Cuban Salsa: Well-formed Casino # 2. Coca-Cola into Exhíbela

This is one of my favorite Casino videos on YouTube, more than 10 years old. The style of Carlos Rafael Gonzalez is mesmerizing at moments, especially in this video with Jennifer as Follower. Jennifer is a forward dancer, forward by default, no back-rocking, she only takes a back-step if the Leader clearly leads her into doing so. This is right out of my Casino text-book.

But the video is a good reminder that even the best social dancers often make big, grave errors of well-formedness. Not only in social dancing where shit always is likely to happen but also in end-of-class and workshop videos. Even in choreographed tutorials, like this one. And they get uploaded to YouTube anyway, with major errors!

The reason is that errors sometimes look good and work very well in the situation. Only a dance educated eye will notice. But even fantastic looking figures can be evil because they make other better options impossible or unlikely, or because they undercut the integrity of the dance or makes it more difficult for the dancers to get better.

I could discuss this video for hours but we will only look at the Coca-Cola left turn going into Exhíbela behind the Leader’s back. They do this combination four times in the video with varying degrees of success. In the first only Coca-Cola is good, in the last three only Exhibela is good.

Good Coca-Cola – bad Exhíbela

The Follow is led into Dile Que No con Coca-Cola on a straight line. She turns Coca-Cola on 5-6-7, pivots around and steps forward on one into Exhíbela but next she pivots around already on “2-3” and walks back on “3-5-6-7” and forward on “1”. This Exhíbela is clearly not well-formed.

A well-formed Exhibela is a walk with two 180 degree walk-around turns on “3-pause-5” and on “7-pause-1”. It is an important guideline always to use the pause on “4” and “8” as the anchor or pivot point for directional changes. If we change direction on let us say “2-3” or on “5-6”, we undermine an important default, that can guide us through many difficult situations when Lead or Follow have lost track of what is happening in the dance. Not only that, directional change on “2-3” or “5-6” makes it impossible or unlikely to add turns to the Exhibela walk or to use the directional change to break out of the Exhíbela pattern.

Bad Coca-Cola – good Exhíbela

Let us continue with a clip where the Coca-Cola turn is terrible but now the Exhíbela is perfect, right out of the Textbook.

The Follower steps a L-shapen DQN and the Coca-Cola is on a straight line as before.
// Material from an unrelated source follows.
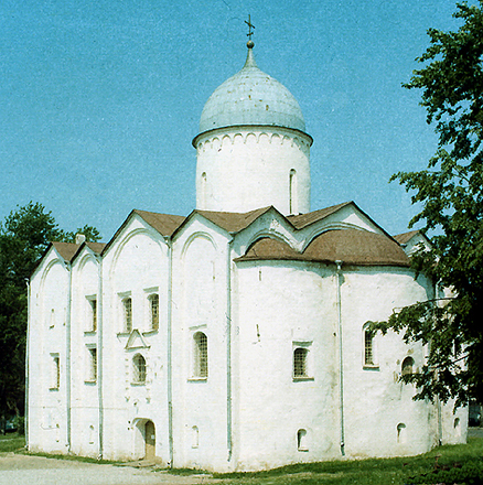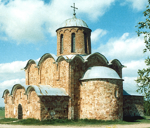 Великий Новгород. Церковь Спаса на Ковалеве расположена к востоку от Новгорода, за притоком Волхова — Малым Волховцом. Храм был выстроен в 1345 году новгородцем Онцифором Жабиным и расписан в 1380 году.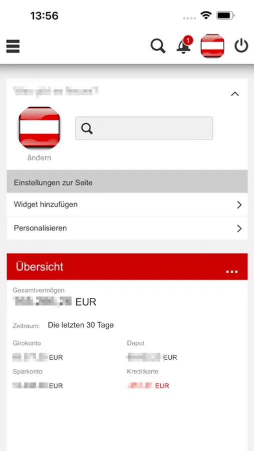 - Überblick über alle Konten bei der Generali Bank inklusive Quick-Check-Möglichkeit sowie einfacher Umsatzsuche

But this time she doesn’t manage to pivot around on “7-8” and step forward into Exhíbela on “1”. Her right leg is trailing far behind pointing in the wrong direction. But the Exhïbela walk now uses “3-pause-5” to turn around and next we see the the last half of Exhíbela on “5-6-7” and forward on “1”.
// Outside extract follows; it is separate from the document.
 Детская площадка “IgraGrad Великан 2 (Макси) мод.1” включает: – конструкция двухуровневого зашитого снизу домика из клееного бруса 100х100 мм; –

A Coca-Cola left turn with a trailing leg on “1” after “step “7” is bad because it makes a double Coca-Cola turn impossible. In order to do double turns the first turn must be perfect. And it makes it very unlikely for the Follower ever to integrate Coca-Cola turns seamlessly into Paseo Walks, Caminala Walks, Paséala walks, Saloneo walks, etc.

If a Follower can not even get a standard Coca-Cola from DQN right, the classic Coca-Cola she has experienced more times than all other Coca-Cola turns put together, she is not likely ever to do less common Coca-Cola turns spot-on.

Link to the same video on YouTube

DQN con Coca-Cola

One more word about the DQN con Coca-Cola we see in the video. I for my part always try to make the Follower start DQN stepping on a curved line. L-shaped DQN doesn’t exist in my Casino. And I normally try to turn the Follow on a curved line around me and that is difficult because it requires that the Coca-Cola turn is more than 360 degrees. I also do Coca-Cola turns from DQN on a straight line but then I mostly do it one handed in order to bring the Follower back again in front of me instead of around me.

But now and then I also do the straight line Coca-Cola from DQN two handed like Carlos in the video because sometimes the intention is to flip the Partner Circle so to speak. East becomes West and West East. We end up in Caída position and that is why we can continue Coca-Cola into Exhíbela because we have rotated the circle 180 degrees.

When the intention is to continue with Exhíbela both a curved line Coca-Cola and a straight line Coca-Cola work well.